> ASSIGNMENT: Copy each line of the records exactly, stopping only after the line that contains "Sophie’s online shop" has been written, and leave pictures out.

> Records from a dataset:
- - - -
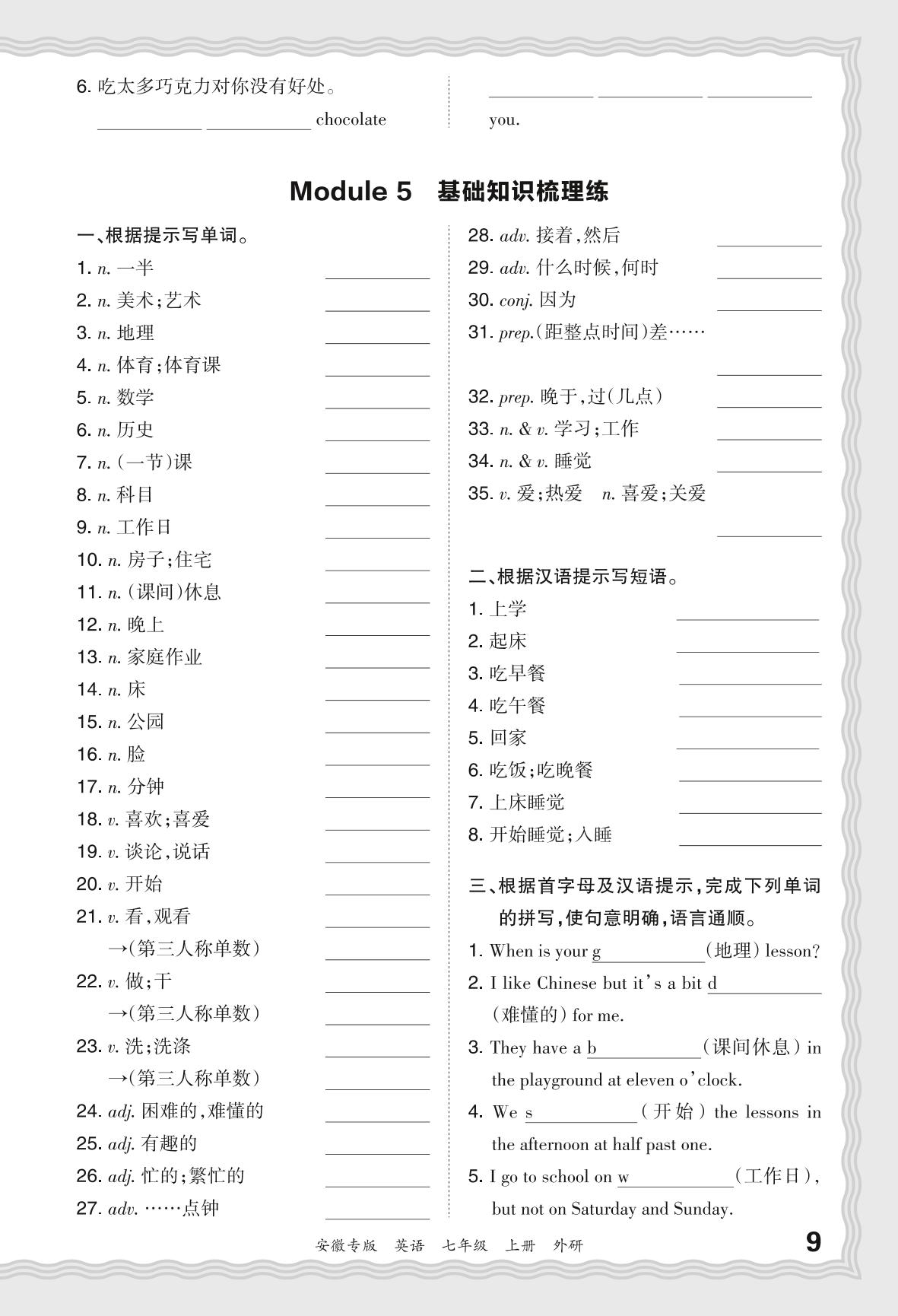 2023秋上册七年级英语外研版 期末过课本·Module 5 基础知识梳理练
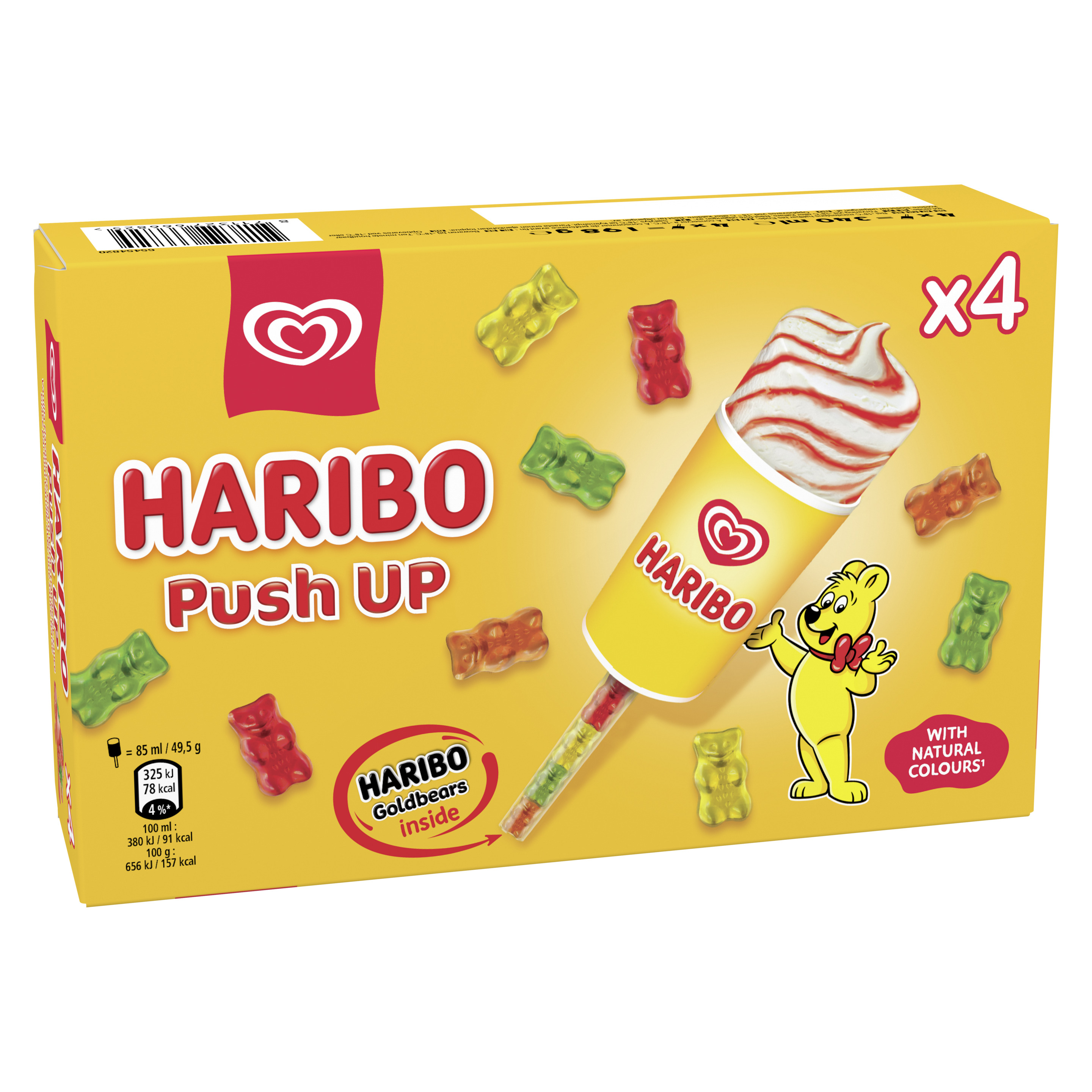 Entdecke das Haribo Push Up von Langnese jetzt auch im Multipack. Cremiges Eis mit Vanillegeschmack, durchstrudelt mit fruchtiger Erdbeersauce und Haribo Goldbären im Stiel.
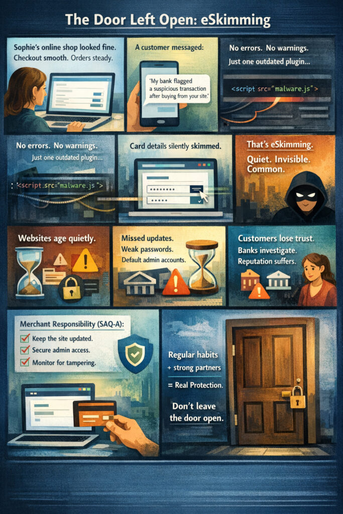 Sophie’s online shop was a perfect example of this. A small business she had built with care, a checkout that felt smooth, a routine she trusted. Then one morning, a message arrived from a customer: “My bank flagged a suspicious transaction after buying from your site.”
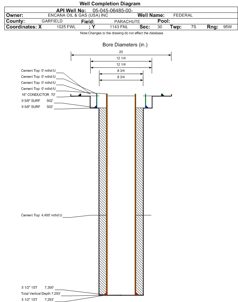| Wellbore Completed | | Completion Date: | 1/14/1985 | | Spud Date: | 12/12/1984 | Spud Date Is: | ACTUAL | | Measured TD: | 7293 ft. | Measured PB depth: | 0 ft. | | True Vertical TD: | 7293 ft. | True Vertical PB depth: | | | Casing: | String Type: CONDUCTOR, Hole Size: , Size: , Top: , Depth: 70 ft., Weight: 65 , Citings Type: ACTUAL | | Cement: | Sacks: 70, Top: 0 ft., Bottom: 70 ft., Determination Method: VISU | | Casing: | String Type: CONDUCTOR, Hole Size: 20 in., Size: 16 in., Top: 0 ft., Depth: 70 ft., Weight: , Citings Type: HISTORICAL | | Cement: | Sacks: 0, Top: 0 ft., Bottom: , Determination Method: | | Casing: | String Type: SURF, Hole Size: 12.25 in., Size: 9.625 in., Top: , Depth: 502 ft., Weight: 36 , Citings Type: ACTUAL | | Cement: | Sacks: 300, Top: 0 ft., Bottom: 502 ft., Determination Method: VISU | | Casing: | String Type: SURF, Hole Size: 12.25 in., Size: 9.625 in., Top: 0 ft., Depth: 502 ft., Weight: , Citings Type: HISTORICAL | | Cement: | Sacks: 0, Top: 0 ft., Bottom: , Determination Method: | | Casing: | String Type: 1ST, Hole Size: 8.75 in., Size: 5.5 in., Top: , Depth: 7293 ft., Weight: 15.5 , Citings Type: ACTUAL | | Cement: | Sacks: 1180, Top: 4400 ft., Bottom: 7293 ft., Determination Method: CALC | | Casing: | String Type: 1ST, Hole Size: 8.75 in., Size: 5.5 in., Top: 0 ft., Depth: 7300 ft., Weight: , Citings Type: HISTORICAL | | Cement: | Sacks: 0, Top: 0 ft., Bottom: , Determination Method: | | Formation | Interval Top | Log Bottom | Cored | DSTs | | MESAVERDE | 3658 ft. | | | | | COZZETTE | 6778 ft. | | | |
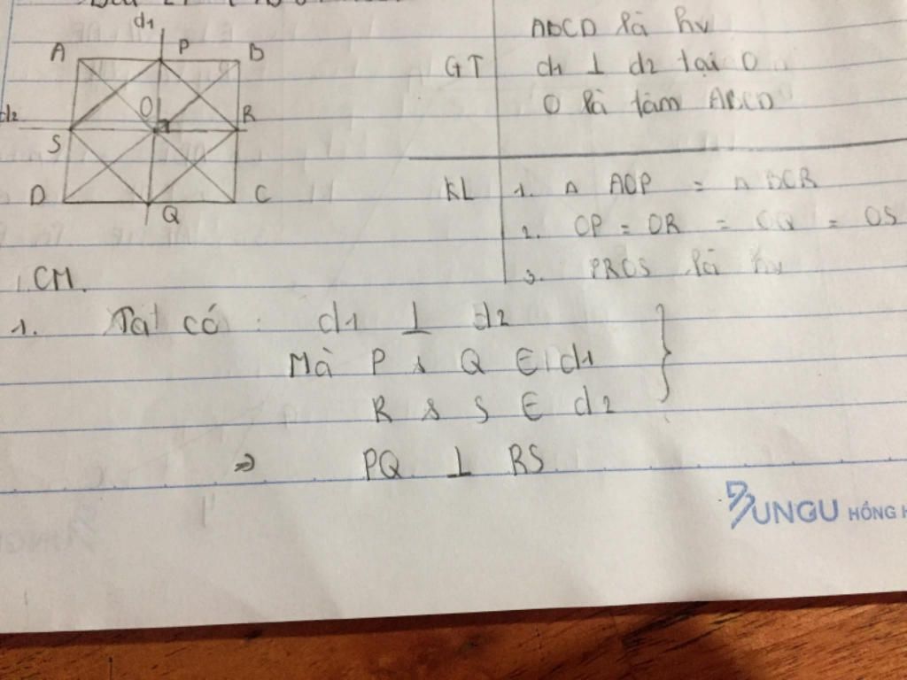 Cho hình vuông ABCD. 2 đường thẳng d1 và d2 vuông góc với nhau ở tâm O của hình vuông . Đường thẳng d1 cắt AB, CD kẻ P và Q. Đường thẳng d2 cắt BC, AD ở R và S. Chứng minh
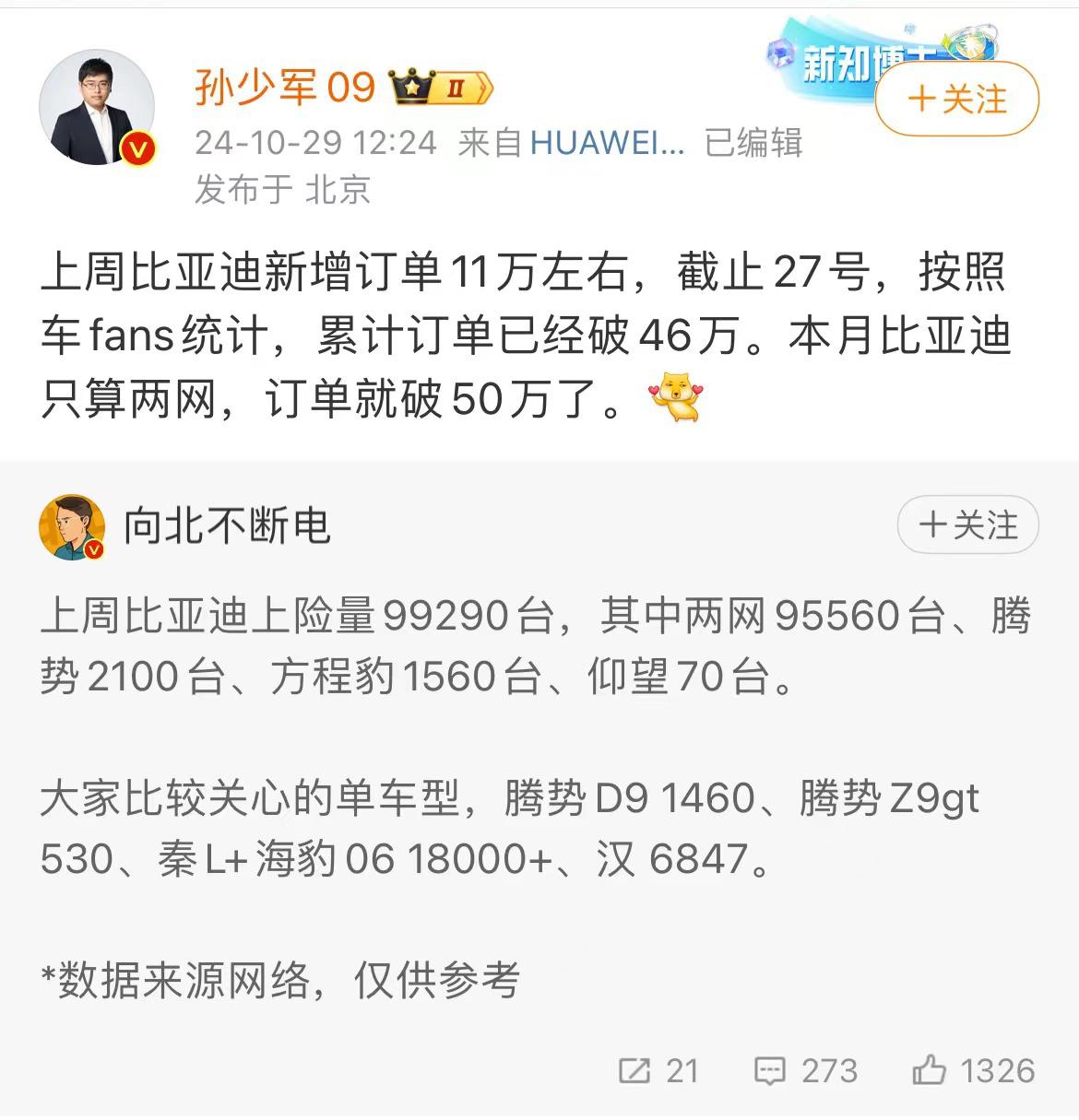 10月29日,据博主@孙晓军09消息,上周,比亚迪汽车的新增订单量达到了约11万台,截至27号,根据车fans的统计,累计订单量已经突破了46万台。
- - - -
> EXERCISE ANSWER:
 2023秋上册七年级英语外研版 期末过课本·Module 5 基础知识梳理练
 Entdecke das Haribo Push Up von Langnese jetzt auch im Multipack. Cremiges Eis mit Vanillegeschmack, durchstrudelt mit fruchtiger Erdbeersauce und Haribo Goldbären im Stiel.
 Sophie’s online shop was a perfect example of this. A small business she had built with care, a checkout that felt smooth, a routine she trusted. Then one morning, a message arrived from a customer: “My bank flagged a suspicious transaction after buying from your site.”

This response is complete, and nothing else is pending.